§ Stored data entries
- Opening Delimiter -

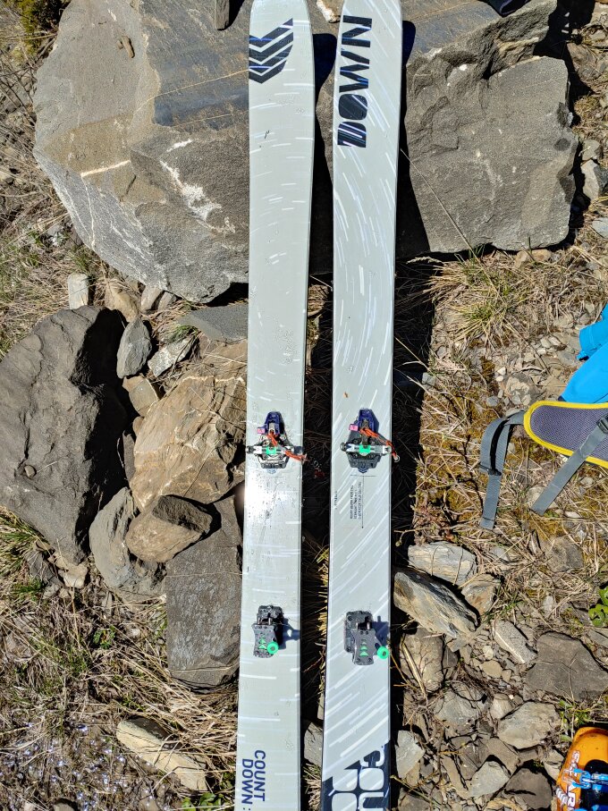 Die dicken "Wasserski" mitgenommen, weil genau das erwartet (nicht durchgefrorene Schneedecke und somit je grösser die Auflagefläche, desto fahrbarer). Unerwartet mit feuchtem Pulver belohnt worden. Unten dann wie "erwartet". Gipfel in 85min. Unten (und ausserhalb des garstigen Windes) dann wieder Sommer...
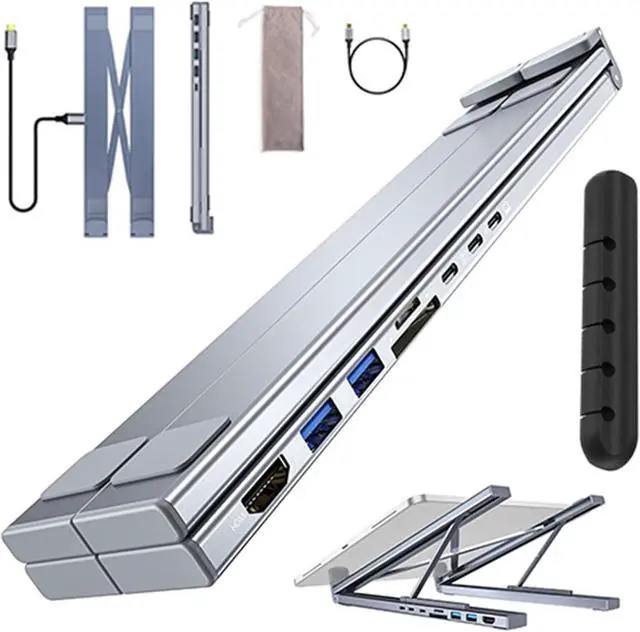 1 Integrated 8 Port Hub--Combines essential ports including 4K HDMI USB A USB C PD card slots allowing easy connection for all your devices in hub
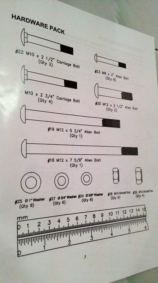 ในคู่มือแจกแจงตัวยึดแบบต่างๆ ว่าเป็นหมายเลขอะไร มีอยู่กี่ชิ้น
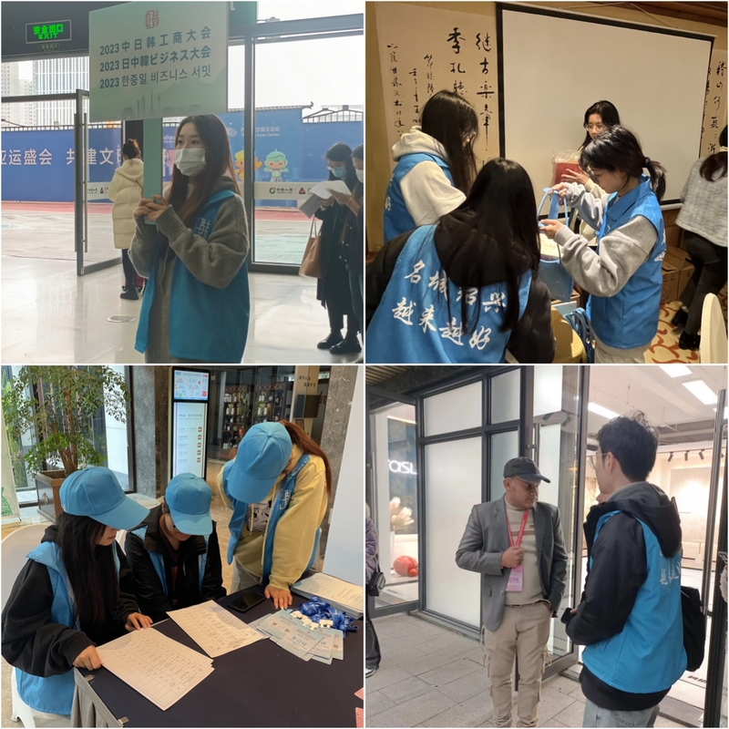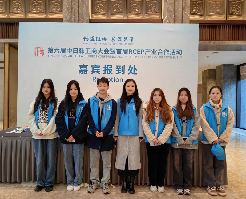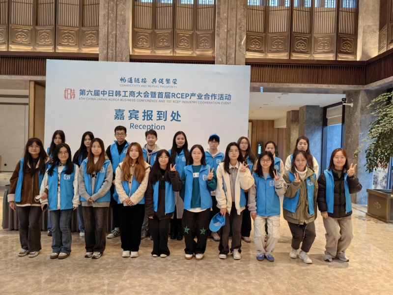 12月11-13日,第六届中日韩工商大会暨首届RCEP产业合作活动在绍兴盛大开幕。本次大会由中国国际商会、中国日本商会、中国韩国商会主办,浙江省贸促会和绍兴市人民政府承办。大会以“畅通链接、共促繁荣”为主题,旨在促进交流,推动合作,共同助力区域经济繁荣。英语学院21级翻译专业8名学生和东方语言学院学生代表参加此次活动志愿服务。
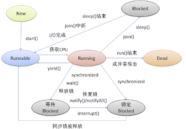 调用wait(),使该线程处于等待池(wait blocked pool),直到notify()/notifyAll(),线程被唤醒被放到锁定池(lock blocked pool ),释放同步锁使线程回到可运行状态(Runnable)

- Closing Delimiter -

§ WHAT TO DO
Could you reproduce the entries verbatim, leaving out all pictures?

§ OUTPUT OF THE TASK
 Die dicken "Wasserski" mitgenommen, weil genau das erwartet (nicht durchgefrorene Schneedecke und somit je grösser die Auflagefläche, desto fahrbarer). Unerwartet mit feuchtem Pulver belohnt worden. Unten dann wie "erwartet". Gipfel in 85min. Unten (und ausserhalb des garstigen Windes) dann wieder Sommer...
 1 Integrated 8 Port Hub--Combines essential ports including 4K HDMI USB A USB C PD card slots allowing easy connection for all your devices in hub
 ในคู่มือแจกแจงตัวยึดแบบต่างๆ ว่าเป็นหมายเลขอะไร มีอยู่กี่ชิ้น
 12月11-13日,第六届中日韩工商大会暨首届RCEP产业合作活动在绍兴盛大开幕。本次大会由中国国际商会、中国日本商会、中国韩国商会主办,浙江省贸促会和绍兴市人民政府承办。大会以“畅通链接、共促繁荣”为主题,旨在促进交流,推动合作,共同助力区域经济繁荣。英语学院21级翻译专业8名学生和东方语言学院学生代表参加此次活动志愿服务。
 调用wait(),使该线程处于等待池(wait blocked pool),直到notify()/notifyAll(),线程被唤醒被放到锁定池(lock blocked pool ),释放同步锁使线程回到可运行状态(Runnable)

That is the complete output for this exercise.